Terms & conditions of salenina&lola is copyright and owned by Nina May, sole trader. Sections and images of this website may only be reproduced with permission by me.
Our mailing address is: nina&lola PO Box 58233 London N1 3UZ United Kingdom Tel.: (+44) (0) 207 704 2912 Terms & conditions of saleBefore you can place an order, you are required to tick a box agreeing to these terms & conditions.
1. Interpretation In these Terms and Conditions ( Terms ), the following words and phrases shall have the following meanings: “the Buyer” means the person, firm or company who purchases the Goods from the Company: “the Company” means nina&lola.; “Contract” means the contract between the Company and the Buyer which shall be deemed to incorporate these Terms; “Goods” means any goods agreed in the Contract to be supplied by the Company to the Buyer; “Place of Delivery” means the place to which the Goods are to be delivered. In these Terms, reference to any statute or statutory provision shall be construed as a reference to such statute or statutory provision as amended, modified, re-enacted or replaced from time-to-time.
2. The Contract The Contract shall be on these Terms to the exclusion of all other terms and conditions, including any such terms and conditions that are purported to be included or applied by the Buyer. No terms and conditions contained in the confirmation of order, purchase order or other document of the Buyer will form part of the Contract.
3. Delivery Unless otherwise agreed in writing, the Place of Delivery shall be specified by the Buyer upon ordering. The Company uses either Royal Mail or DHL Express for delivery, as agreed with the Buyer. A signature is required upon delivery. Any dates specified by the Company for delivery of the Goods are intended to be an estimate only. If no date is specified for delivery of the Goods, delivery shall be within a reasonable time. Subject to the other provisions of these Terms, the Company shall not be liable for any loss, whether direct or consequential, economic or loss of profits or otherwise, arising directly or indirectly out of any delay in the delivery of the Goods nor will any delay entitle the Buyer to terminate or rescind the Contract unless the delay exceeds 60 days.

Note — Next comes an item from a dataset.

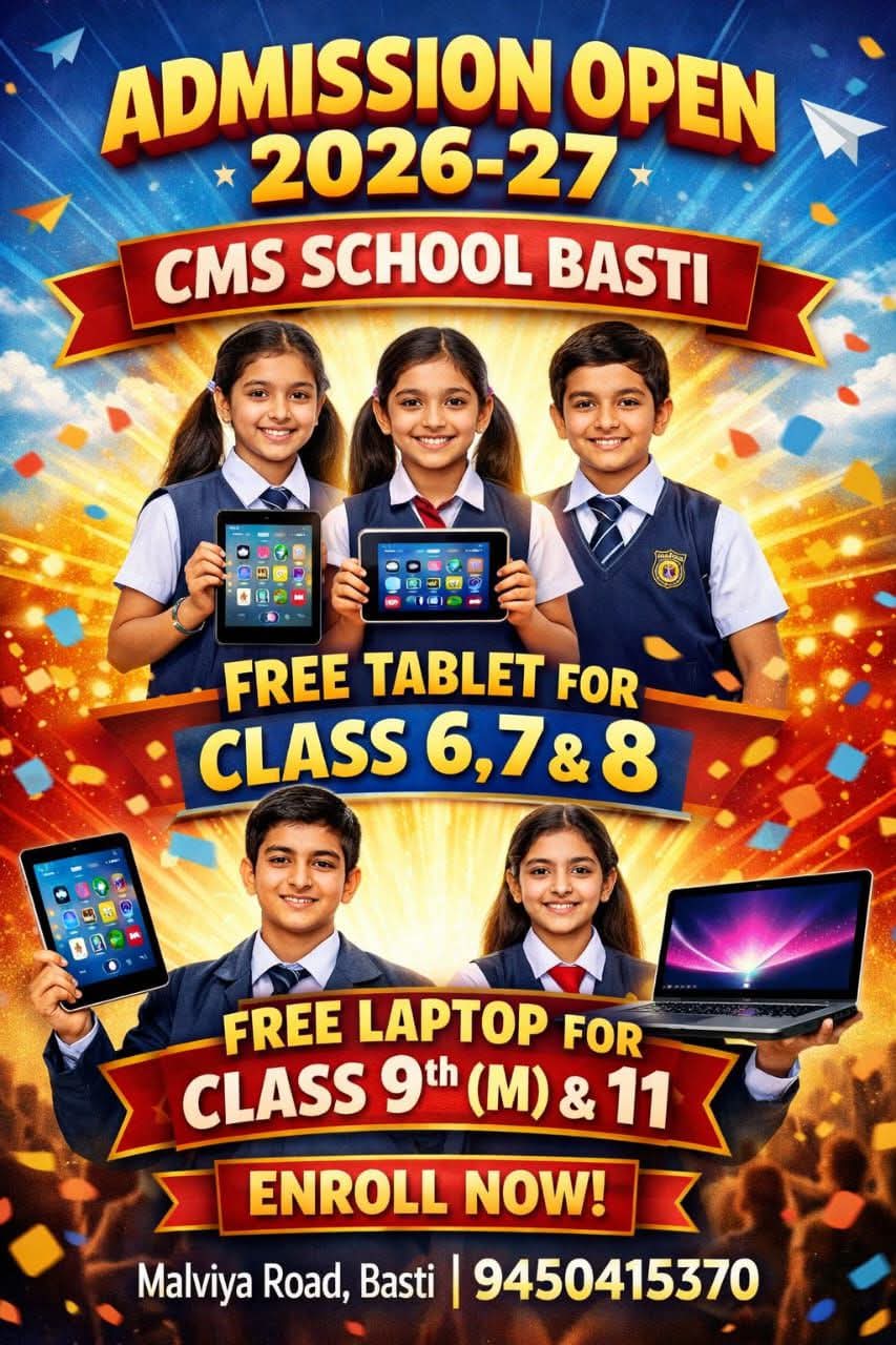 बस्ती। शिक्षा के क्षेत्र में एक नई पहल करते हुए CMS स्कूल, बस्ती ने शैक्षणिक सत्र 2026-27 के लिए प्रवेश प्रक्रिया शुरू कर दी है। आधुनिक शिक्षा को बढ़ावा देने के उद्देश्य से विद्यालय प्रबंधन ने छात्रों के लिए आकर्षक सुविधाओं की घोषणा की है, जिससे अभिभावकों और विद्यार्थियों में उत्साह देखा जा रहा है।

4. Risk in, Ownership, and Return of the Goods Risk in the Goods shall pass to the Buyer on delivery. If the Buyer chooses to return the Goods, risk passes back to the Company upon confirmation of return delivery. The Company is not liable for items lost in return transit. Ownership in the Goods shall not pass to the Buyer until the Company has received in full in cleared funds all sums due to the Company in respect of the Goods and all other sums which are or may become due to the Company from the Buyer on any account. Until ownership of the Goods has passed to the Buyer or if the Buyer wishes to return the Goods, the Buyer shall: hold the Goods on a fiduciary basis as the Company’s bailee; not destroy or deface any identifying mark on the Goods or their packaging; maintain the Goods in satisfactory condition; leave the identifying tags intact and attached to the Goods.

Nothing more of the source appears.